(GIVEN ENTRIES begins)

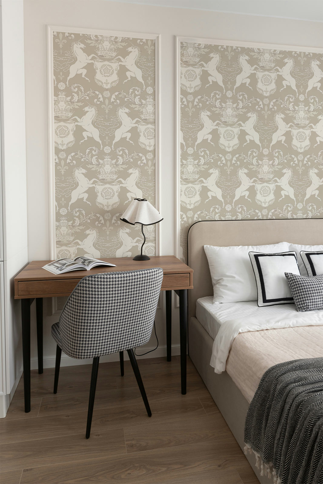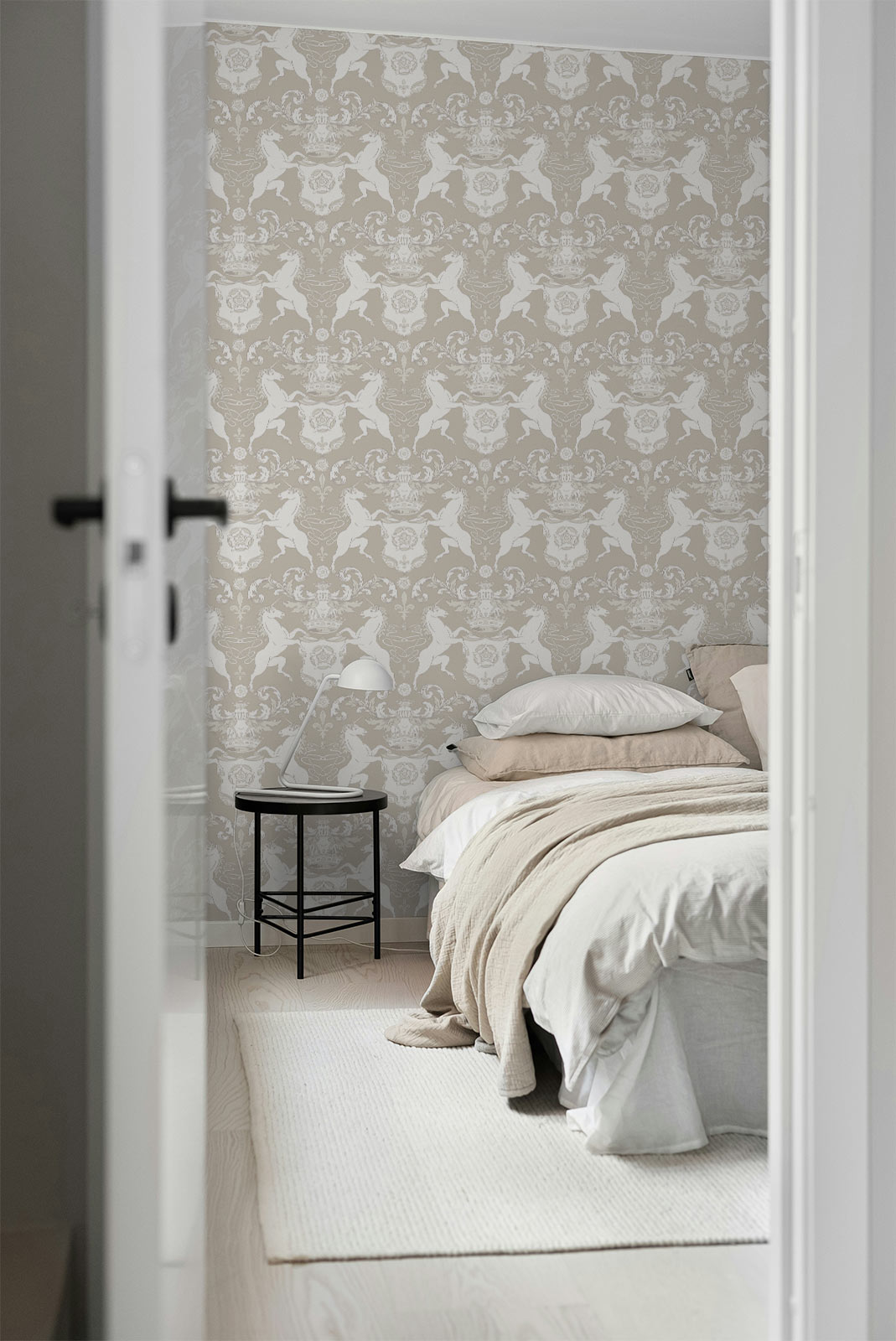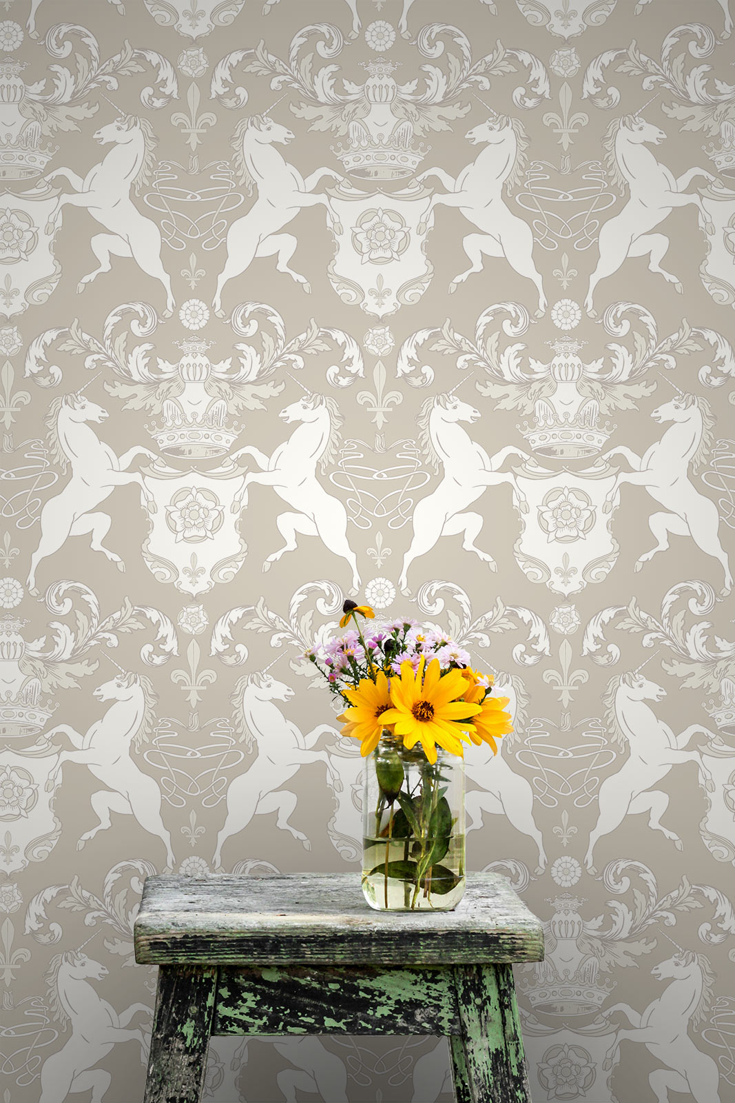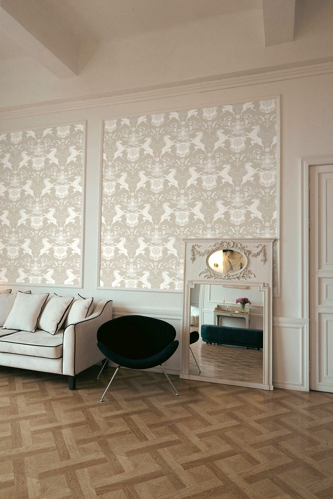 As part of the Heritage Salon collection. Tailored to your wall size, installed with ease, and guaranteed to spark conversation. Because yes — unicorns look good in beige, too.
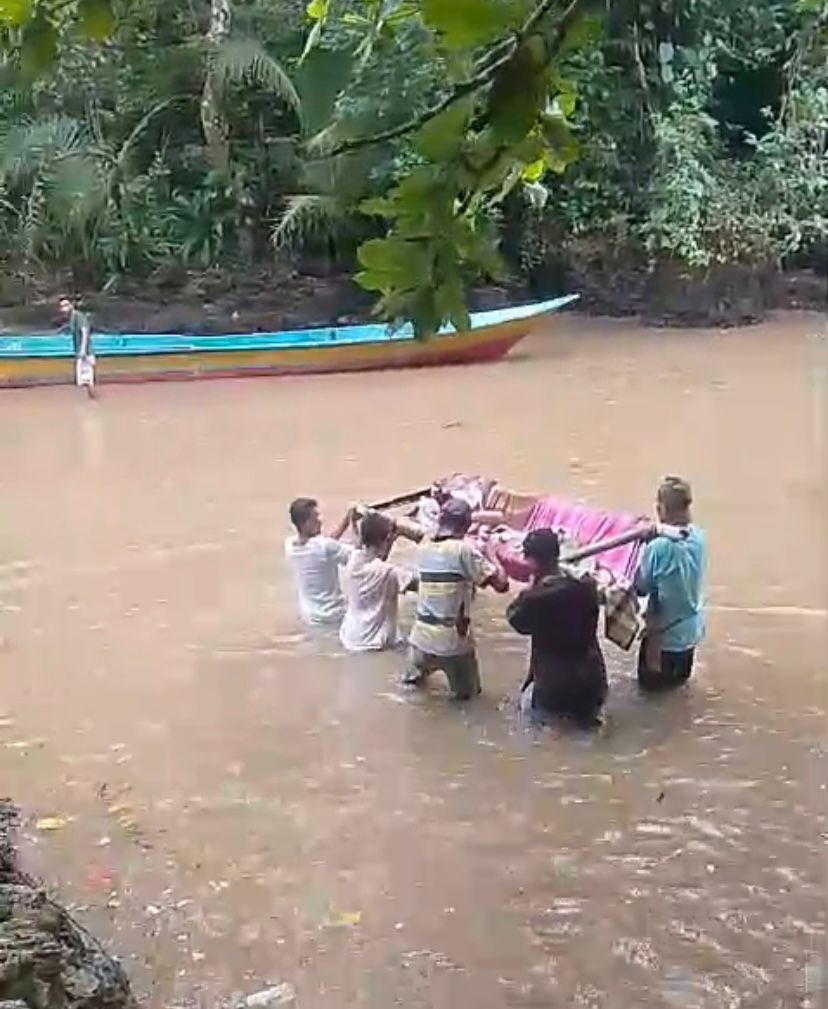 Perjalanan yang harus ditempuh bukan perjalanan singkat. Jarak sekitar 15 kilometer dilalui dengan berjalan kaki selama lima hingga enam jam. Puluhan warga bergantian memikul dan membopong pasien, menyeberangi sungai, mendaki bukit terjal, dan menyusuri pantai. Ketika laut bergelombang dan jalur laut tak memungkinkan dilalui, jalur darat—yang sebenarnya belum pernah ada menjadi satu-satunya harapan.
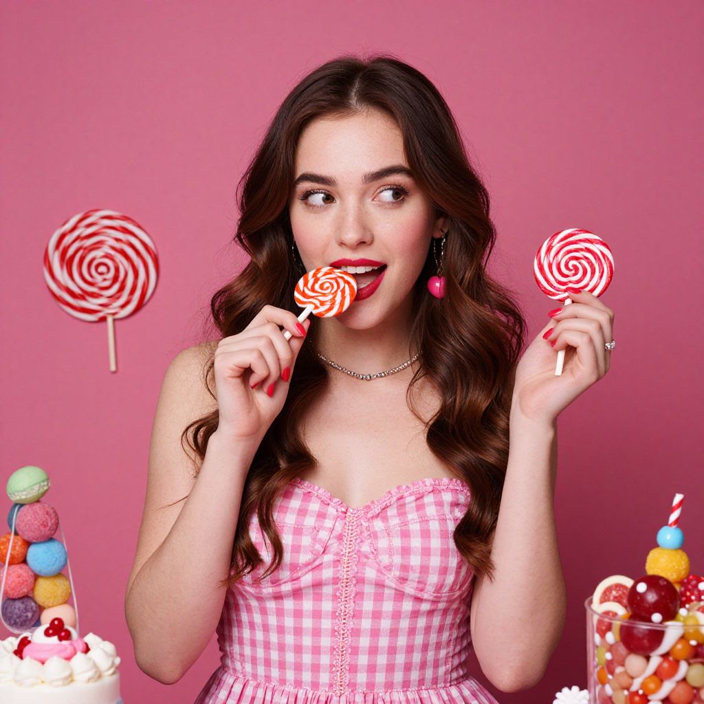 A woman with candy and sweets surrounding her, creating a vibrant and surreal scene.
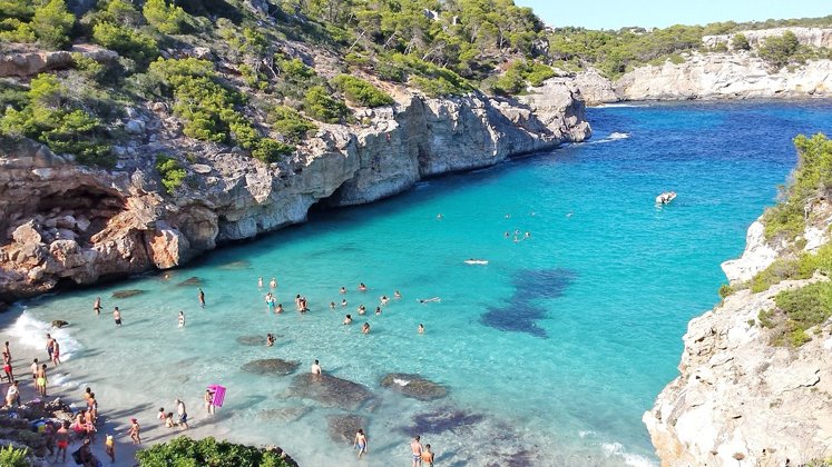 Calo des Moro, six kilometers from Santanyi, ( on the southeast of Mallorca ,the largest island in the Balearic Islands, which are part of Spain and located in the Mediterranean ) is the most visited beach in the area.
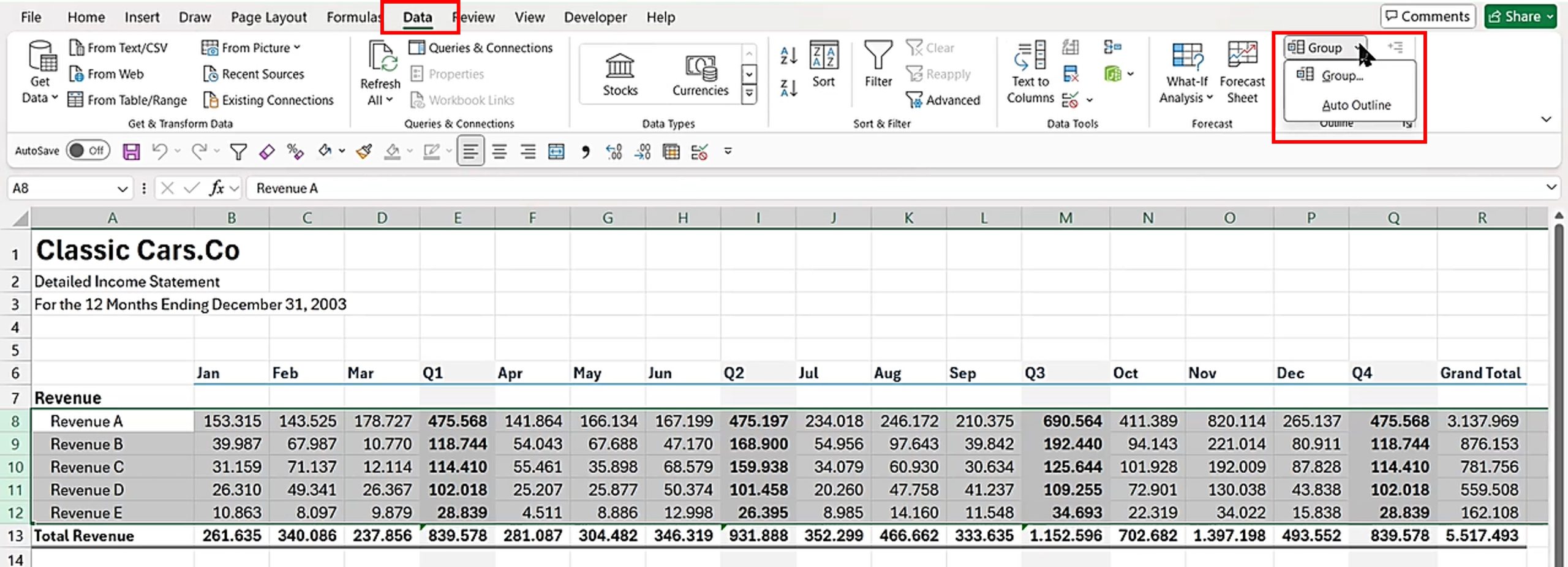 - Pilih baris 8 s/d 12, pilih tab Data pada bagian Outline klik Group.
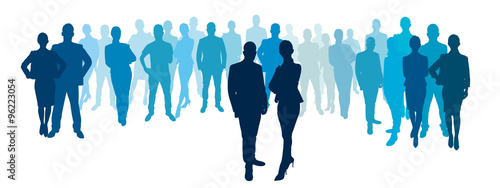 Geschäftsmann und Geschäftsfrau vor Business Team
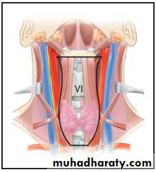 VI Anterior/medial to the common carotid arteries from the level of the hyoid to the manubrium Anterior cervical nodes, pre- and paratracheal
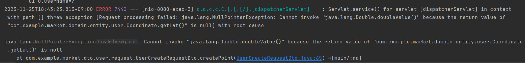 서비스에서 Coordinate의 lat값과 lng값을 이용할 때 예외가 발생하는 모습입니다.

(GIVEN ENTRIES ends)

* **EXERCISE DIRECTIONS**: Please give the entries above again exactly as written, leaving out any pictures.

* **TASK OUTPUT**:
 As part of the Heritage Salon collection. Tailored to your wall size, installed with ease, and guaranteed to spark conversation. Because yes — unicorns look good in beige, too.
 Perjalanan yang harus ditempuh bukan perjalanan singkat. Jarak sekitar 15 kilometer dilalui dengan berjalan kaki selama lima hingga enam jam. Puluhan warga bergantian memikul dan membopong pasien, menyeberangi sungai, mendaki bukit terjal, dan menyusuri pantai. Ketika laut bergelombang dan jalur laut tak memungkinkan dilalui, jalur darat—yang sebenarnya belum pernah ada menjadi satu-satunya harapan.
 A woman with candy and sweets surrounding her, creating a vibrant and surreal scene.
 Calo des Moro, six kilometers from Santanyi, ( on the southeast of Mallorca ,the largest island in the Balearic Islands, which are part of Spain and located in the Mediterranean ) is the most visited beach in the area.
 - Pilih baris 8 s/d 12, pilih tab Data pada bagian Outline klik Group.
 Geschäftsmann und Geschäftsfrau vor Business Team
 VI Anterior/medial to the common carotid arteries from the level of the hyoid to the manubrium Anterior cervical nodes, pre- and paratracheal
 서비스에서 Coordinate의 lat값과 lng값을 이용할 때 예외가 발생하는 모습입니다.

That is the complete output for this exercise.